TABLE I.
Characteristics and Levels of the Discrete Choice Experiment*
Characteristic | Characteristic Description | Level | Level Description |
---|---|---|---|
QoL change | QoL change compared with situation before BAP, on a scale from 0 to 10. Patient’s starting point does not matter, and all steps are equal in effect | 3-point increase | Increase of 3 points in QoL after OI surgery compared with situation before BAP |
1-point increase | Increase of 1 point in quality of life after OI surgery compared with situation before BAP | ||
No difference | There is no difference in quality of life before and after OI surgery (reference level) | ||
1-point decrease | Decrease of 1 point in quality of life after OI surgery compared with situation before BAP | ||
Short-term complications | In the first year, intensive follow-up is provided, in part because of complications that could occur. Patients are made aware of what complications could occur, and the chances, and how they are resolved or treated | No major complications | No complications or adverse events that need therapy or follow-up (reference level) |
33% stoma infection, nonsurgical therapy | 33% chance of having a low-grade soft-tissue infection, which can be resolved using oral antibiotics | ||
15% stoma infection, surgical therapy | 15% chance of having a soft-tissue infection, which only can be treated with a surgical intervention | ||
6% hypergranulation | 6% chance of having hypergranulation, which is excessive granulation that rises above the wound surface or stoma, and needs debridement | ||
6% bone fracture | 6% chance of having a bone fracture (periprosthetic fracture) | ||
Long-term complications | Complications that could occur after the first year and up to one’s lifetime. No chances are given as no time period is provided. | No complications | No complications or adverse events that need therapy or follow-up (reference level) |
Bone infection | Bone infection (osteomyelitis)of any sort, that can be resolved without surgery | ||
Implant removal | Surgical removal of the osseointegrated material | ||
Chronic stoma problems | Chronic stoma problems that need regular check-up, visits, and treatments | ||
External component replacement | External component replacement including a visit to the instrument maker.

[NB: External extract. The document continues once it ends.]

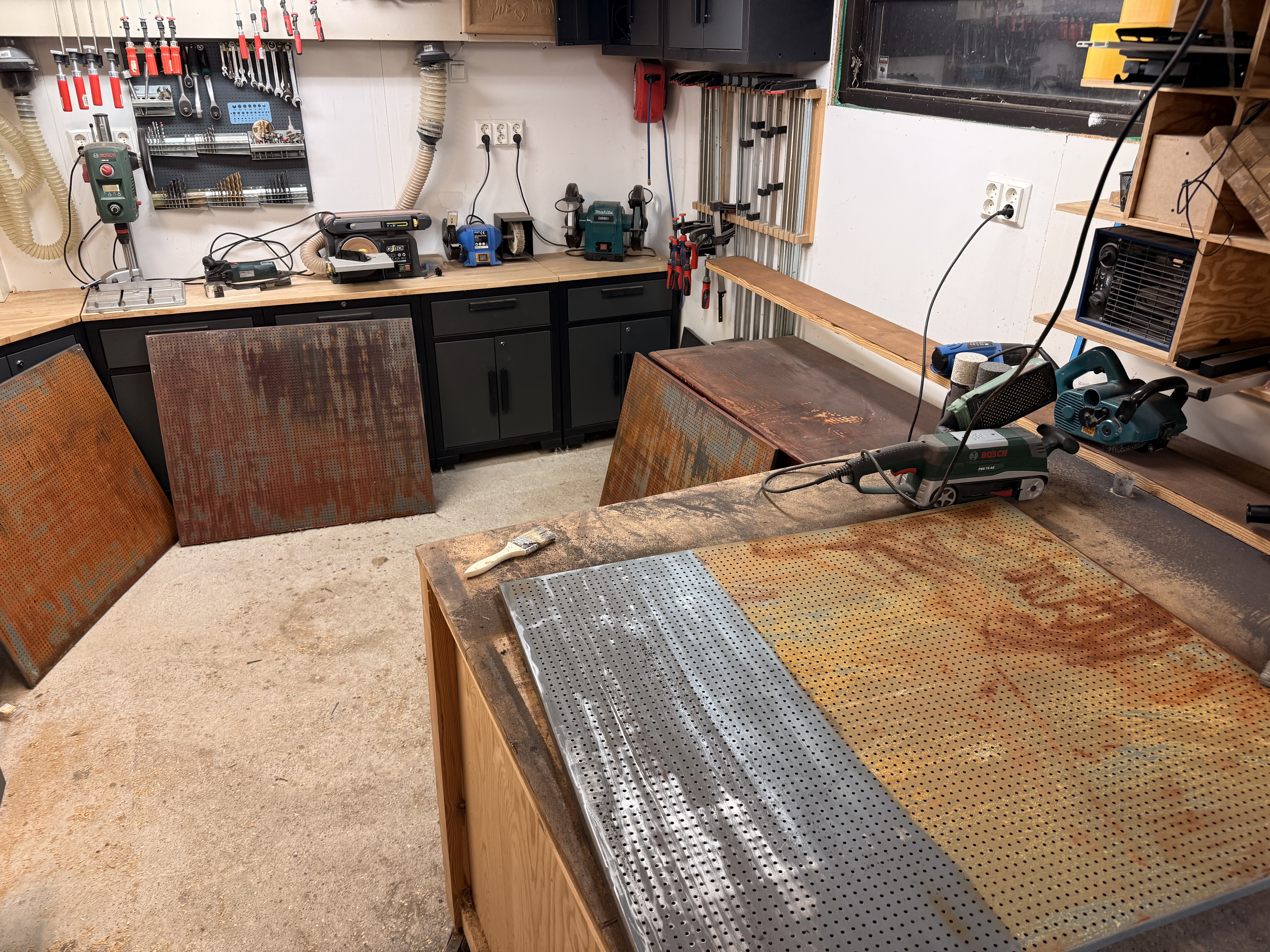 Så verktygstavlor inhandlades och jag började slipa. Herregud vad den färgen satt hårt! Det tog veckor att få dem tillräckligt rena från färg men till slut så.

External components are the dual-cone adaptor, height or gait adjustment of the outer mechanism, or anything that the instrument maker can change or fix | ||
OI implant survival | It is unknown how long the implant can survive or will get loose. Knowing this information, what is the least amount of time that is still accepted by patients? | 5 yr | 5 yr (reference level) |
10 yr | 10 yr | ||
20 yr | 20 yr | ||
Out-of-pocket-contributions | BAP treatment is expensive; if full reimbursement is not possible, how much is a patient willing to pay to have BAP treatment? | No contribution | No personal monetary contribution (reference level) |
€5,000 | A contribution of €5,000 | ||
€10,000 | A contribution of €10,000 | ||
€15,000 | A contribution of €15,000 | ||
€20,000 | A contribution of €20,000 | ||
€25,000 | A contribution of €25,000 | ||
No BAP | Patient does not want BAP treatment | Opting out | Opting out of BAP treatment and thus staying at status quo |
These are the characteristics and levels for osseointegrated implant (OI) options in a choice task. Reference levels were utilized as the base level for the statistical analysis. BAP = bone-anchored prothesis, and QoL = quality of life.